The sports product segment remained resilient, with revenue rising by more than 30% year-on-year, with continued product mix enrichment
This business segment contributed approximately HK$2,190.7 million in revenue during the year (Fiscal 2021: HK$1,596.4 million), a 37.2% year-on-year increase, accounting for 26.3% of total revenue. Segmental gross profit was approximately HK$513.9 million and the gross profit margin was 23.5% (Fiscal 2021: HK$298.9 million and 18.7%, respectively). As the Pandemic eased and the sports craze continued, related products maintained a strong performance, with the order momentum for sports bras from international brand partners being especially strong and thus serving as the main growth driver of this business segment. During the year, the sports leggings product category also showed great momentum through an enriched brand partner portfolio and represented a promising incremental growth driver for the sports products segment.

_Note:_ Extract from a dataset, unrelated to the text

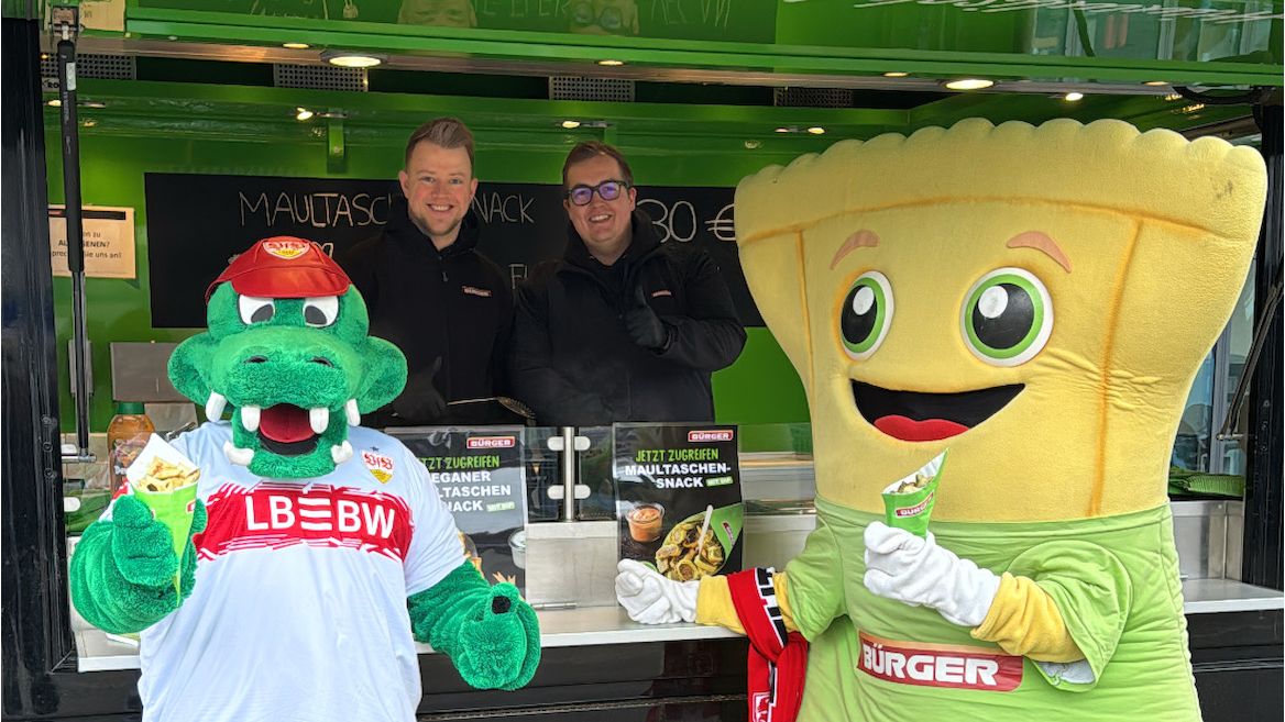 Rund um das Bundesliga-Heimspiel des VfB gegen den 1. FC Köln am 14.02. erscheint ein kleines Video, das zeigt, wie die BÜRGER Maultaschen ihren Weg in die MHP Arena finden – vom Zuhause der Marke bis an die Ausgabetheke. Bei der Gelegenheit haben sich die beiden natürlich auch persönlich getroffen: am BÜRGER-Mobil, mit einem kurzen Plausch – und einer spontanen Einladung von Erwin zum Probieren.

Riding on the emergence of the "Metaverse" concept, the consumer electronics components segment has grown by more than 60% year-on-year, highlighting broad development space
Revenue from this business segment amounted to approximately HK$496.2 million (Fiscal 2021: HK$291.4 million), representing a significant year-on-year increase of 70.3% and accounting for 5.9% of the Group's total revenue. The segment's gross profit increased by 79.5% to approximately HK$125.0 million, with the gross profit margin up by 1.3 percentage points to 25.2% (Fiscal 2021: HK$69.7 million and 23.9%, respectively). The demand for consumer home electronics continued to rise amid the Pandemic during the year, and with the rapid emergence of the "Metaverse" concept, demand for 5G and related products grew considerably and continuously during the year. As consumer electronics are high value-added products and there is ample room for market development, the segment will continue to generate a new growth impetus for the Group in the future.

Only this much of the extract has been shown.